The group fled down the stairwell, remembering the disaster drill instructions that had been developed following the 1993 bombing attempt at the World Trade Center. They stopped at a rendezvous point on the 78th floor, then continued to descend to the 40th floor. There, Lucente walked over to an office window to survey the scene outside.
“It was actually a serene sort of sight,” he remembers. “The sky was a gorgeous blue, papers were floating down, and falling glass was tinkling down the side of the building making a sound like wind chimes. I had this moment of almost peace.” His brief respite was ended when the second plane rammed into the South Tower, sending a fireball through that blue sky.
Lucente joined the crowd as it hurried down the stairs. The procession was orderly, he says, and the stairwell eerily quiet. “The terror was silent, but you could see in people’s faces that they thought they were going to die at any second.” Periodically, he encountered the wounded, some of them burned so badly that their race or gender were indefinable.
He finally reached the ground floor, relief enveloping him. But when he emerged onto the plaza, the scene was chaotic — piles of burning debris, smoke everywhere, and the prone bodies of those who had leapt to escape the flames. “It was post-apocalyptic,” he says. “Beyond unbelievable.”
After being led by police to an underground mall, and then back out, Lucente had about 15 seconds before the South Tower collapsed. As a police officer shouted, “Run! Run!” Lucente instinctively looked up, and was shocked to observe both buildings on fire. He’d thought the fireball he’d seen on the 40th floor had been a residual blast from the North Tower (he would only learn the details of the attack later after reaching his home and turning on the TV). When the officer yelled, “Run!” Lucente “picked a direction and ran,” putting as much distance as he could between himself and the falling tower.
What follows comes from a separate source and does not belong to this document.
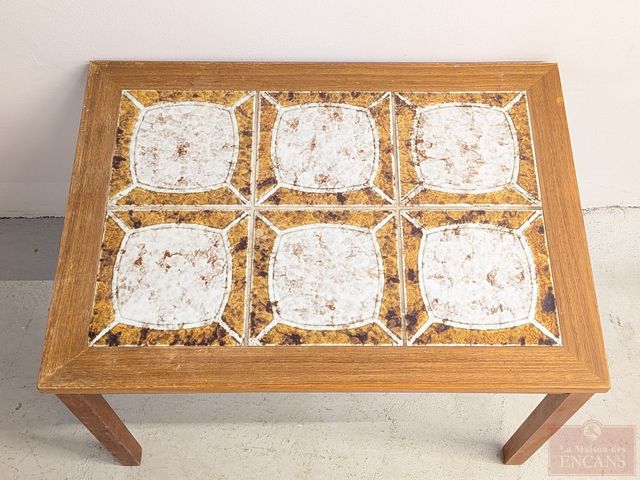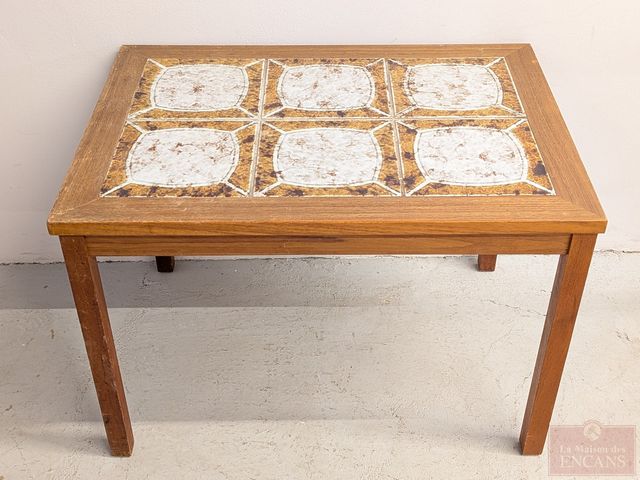 Lot # 2 - Table mid-century en bois à dessus de céramique, mesurant 19x20x28 pouces

Both Lucente and Doran later recounted their ordeal in a History Channel documentary. When he watches it, Lucente pauses on the scene of billowing smoke whipping around a corner and engulfing everyone escaping down that street. He was among them.
Lucente acknowledges that he lived with PTSD for several years after the attack (“I think we all had PTSD” he says of the survivors). He stayed away from any profession that would situate him in a high-rise and instead worked in restaurants and bars for a time. Today, he’s the director of talent acquisition at Renaissance Learning.
Major 9/11 anniversaries, like this year’s, evoke powerful and difficult memories, Lucente says. But it’s okay, because he doesn’t want to forget. That’s why he keeps the key to a door on the 81st floor of a building that no longer exists.